Suppose we decide on a Decision Tree Classifier (covered later in Chapter 6). There are two hyperparameters we will fine tune for now: max_leaf_nodes and min_samples. Let’s fine tune these using the following code.

from sklearn.tree import DecisionTreeClassifier
from sklearn.model_selection import GridSearchCV

#setup the decision tree
dt_clf = DecisionTreeClassifier( random_state=30)

#the hyperparameters to search through
params = {'max_leaf_nodes': list(range(2, 100)), 'min_samples_split': [3,4, 5]}

#initialize the GridSearch with 3-fold cross validation
grid_search_cv = GridSearchCV(dt_clf, params, verbose=1, cv=3)

#do the search (but only on the first 1000 images)
grid_search_cv.fit(X_train[:1000], y_train[:1000])

What are the best hyperparameters?

Now, let’s fit the training data (again pretending to only have the first 1000 images).

dt_clf = grid_search_cv.best_estimator_
dt_clf.fit(X_train[:1000], y_train[:1000])

Let’s now obtain cross-validation accuracy scores with this fine-tuned model

from sklearn.model_selection import cross_val_score
cross_val_score(dt_clf, X_train[:1000], y_train[:1000], cv=3, scoring="accuracy")

How accurate are your three folds?

If we only had 1000 images and we wanted more to train on, we could do what is known as data augmentation. The augmentation we will do here is to shift the images we do have. For each of the 1000 images, we shift one pixel up, left, right, and down. So this will give us four more images to add to our training. Data augmentation such as this is a very useful technique when there are not enough training instances. If you run the following code, you will see an example of the first image shifted.

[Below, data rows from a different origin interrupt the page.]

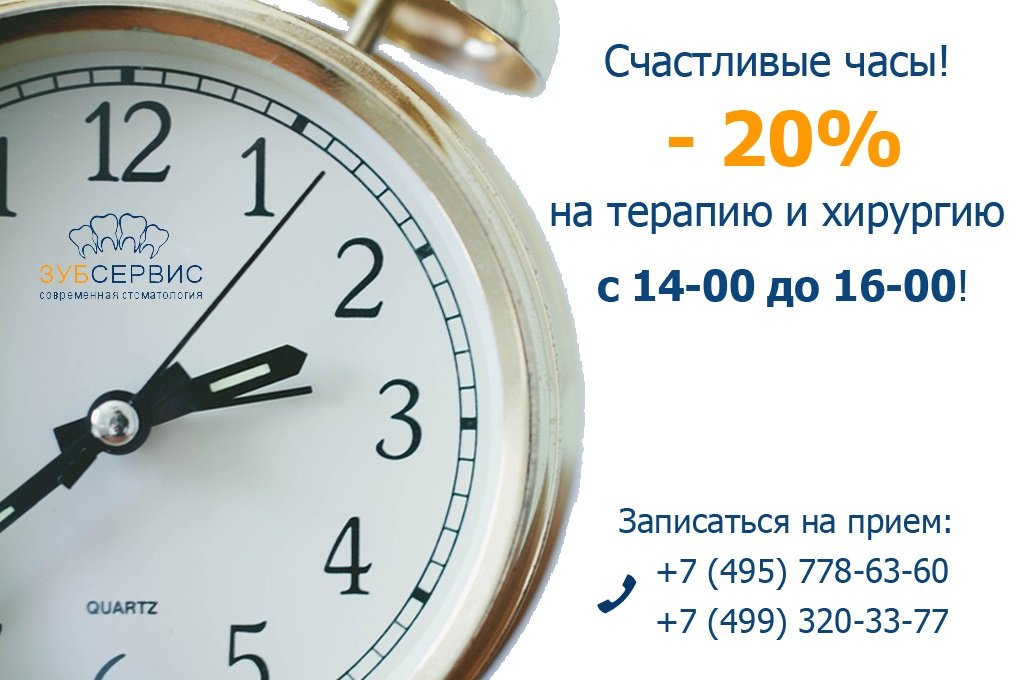 Акция "Счастливые часы"! С 14.00 до 16.00 скидка 20%
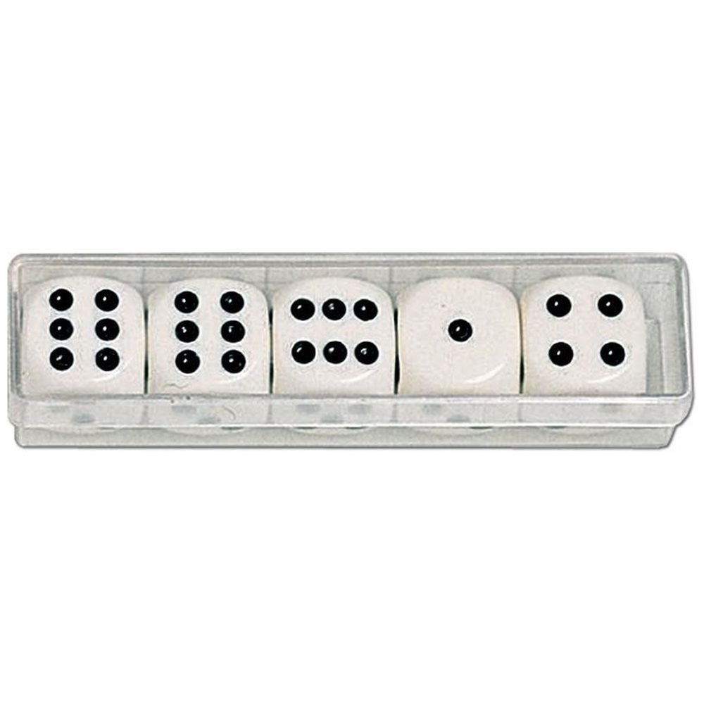 Zestaw 5 dużych kości (22 mm) w przezroczystym etui. Dołączona instrukcja do gry w kości oczkowe w języku polskim.
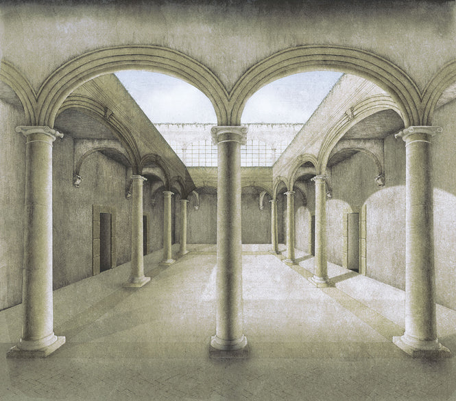 クラシック建築の美しいアーチの連なりで、奥行き感じるデザイン。
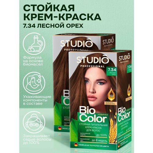 НАЙТИ ВЫГОДНЕЕ - Studio Biocolor Краска для волос 7.34 Лесной орех, 50/50/15 мл - 2 штуки
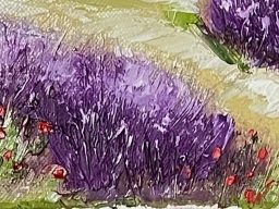 Dans chaque coup de pinceau, l'artiste traduit l'essence de ce paysage calme et envoûtant. Les lavandes, avec leurs teintes violettes et leur parfum délicat, sont représentées avec une précision minutieuse, ajoutant une dimension sensorielle à la peinture..
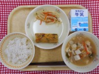 1月17日(月) 公開日 2022/01/17 更新日 2022/01/17 給食 牛乳、菜めし、伊達巻風たまご焼き、じゃがいものごまあえ、大根のそぼろみそ汁 ※ おせち給食として作ったのは、伊達巻風たまご焼きです。伊達巻は本を表しています。知識が増えますように、との意味があります。魚のたらをミンチにしたものを加えたたまご焼きです。おせち料理にはいろいろな意味がこめられていますね。調べてみると興味深いです。
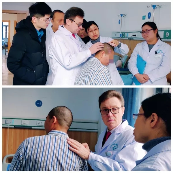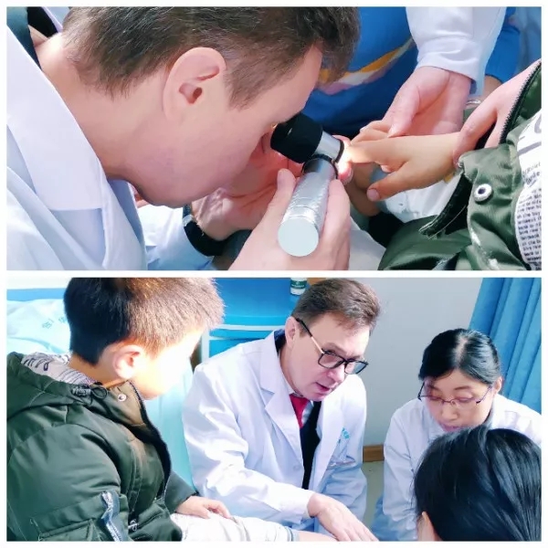 图:安德烈教授和我院医师团共同检查白癜风患者头部白斑

from scipy.ndimage.interpolation import shift
def shift_image(image, dx, dy):
    image = image.reshape((28, 28))
    shifted_image = shift(image, [dy, dx], cval=0, mode="constant")
    return shifted_image.reshape([-1])

image = X_train[0]
shifted_image_down = shift_image(image, 0, 5)
shifted_image_left = shift_image(image, -5, 0)

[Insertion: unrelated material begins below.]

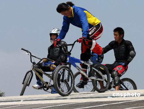 8月2日,位于北戴河奥运公园的小轮车训练场内,来自北京队、河北队的十几名队员顶着烈日在紧张训练。小轮车(BMX)竞速运动起源于上世纪60年代的美国,原是街头的杂耍,2003年开始传入中国,现已经列入奥运比赛项目。这项极富刺激和观赏价值的运动项目将在2008年的北京奥运会上首次现身。中新社发 周雪峰 摄
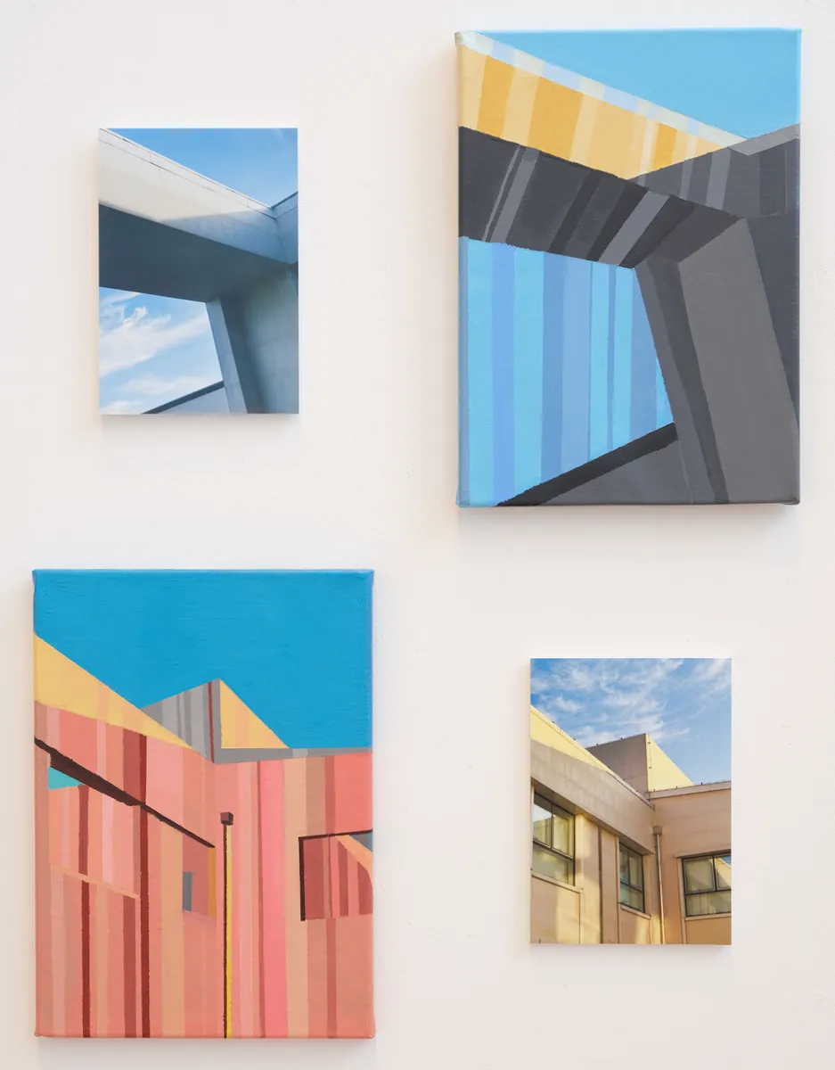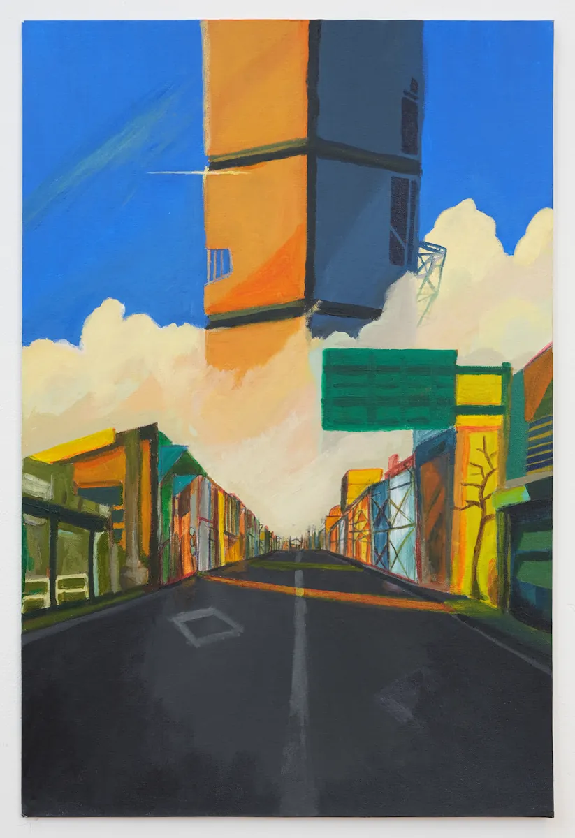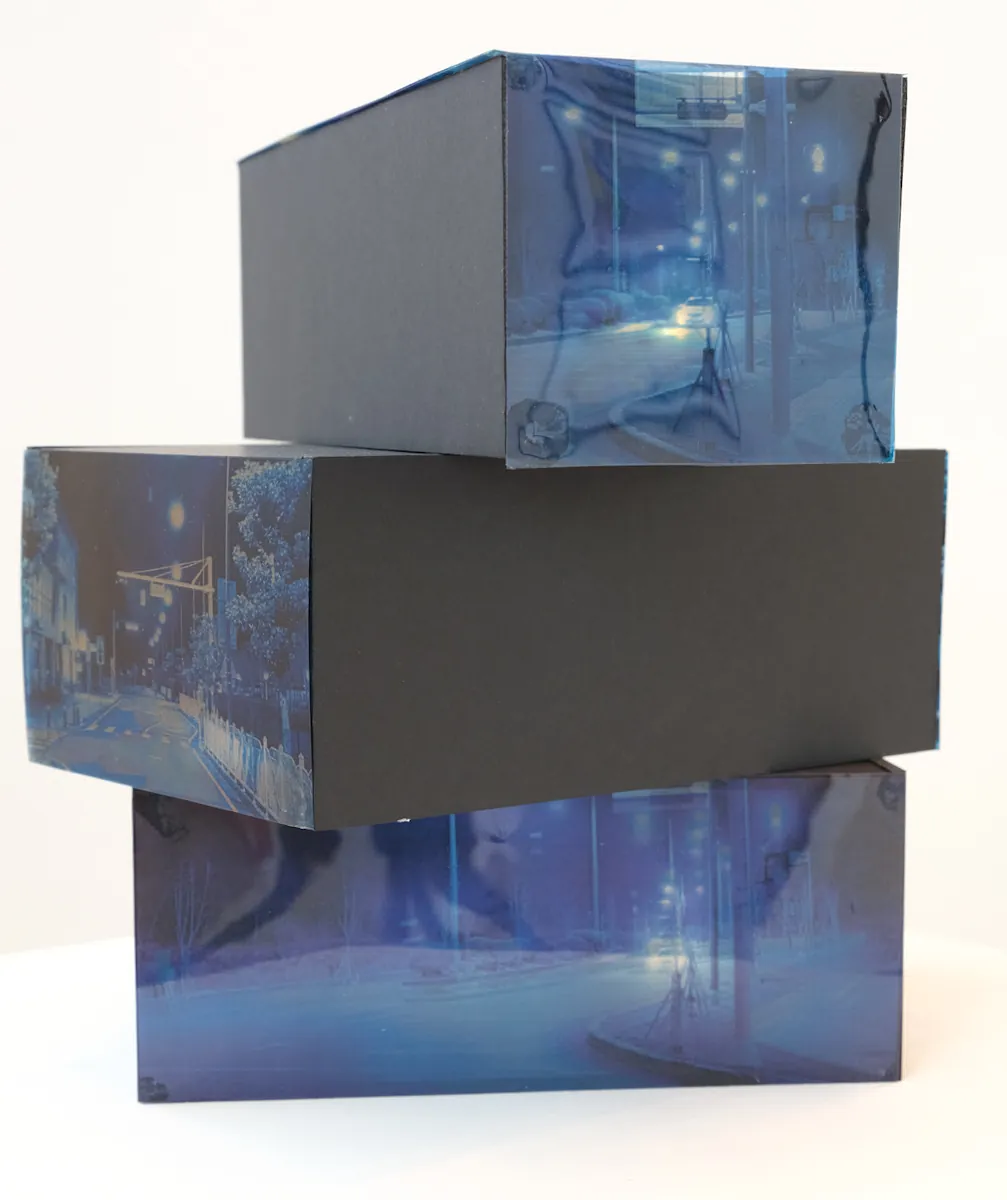 This piece explores the consequences of a society increasingly absorbed in the technological world. Digital screens are symbolized through the stacked rectangular black blocks. Desolate street scenes, devoid of life, highlight how modernisation fosters social regression, as we become more attuned to our online infrastructure than to our immediate physical surroundings. The bright blue tones create an eerie silence, prompting viewers to reflect on the growing detachment in contemporary urban life.

plt.figure(figsize=(12,3))
plt.subplot(131)
plt.title("Original", fontsize=14)
plt.imshow(image.reshape(28, 28), interpolation="nearest", cmap="Greys")
plt.subplot(132)
plt.title("Shifted down", fontsize=14)
plt.imshow(shifted_image_down.reshape(28, 28), interpolation="nearest", cmap="Greys")
plt.subplot(133)
plt.title("Shifted left", fontsize=14)
plt.imshow(shifted_image_left.reshape(28, 28), interpolation="nearest", cmap="Greys")
plt.show()

To shift all of our images and add them to a training data set, we can use the following code:

X_train_augmented = [image for image in X_train[:1000]]
y_train_augmented = [label for label in y_train[:1000]]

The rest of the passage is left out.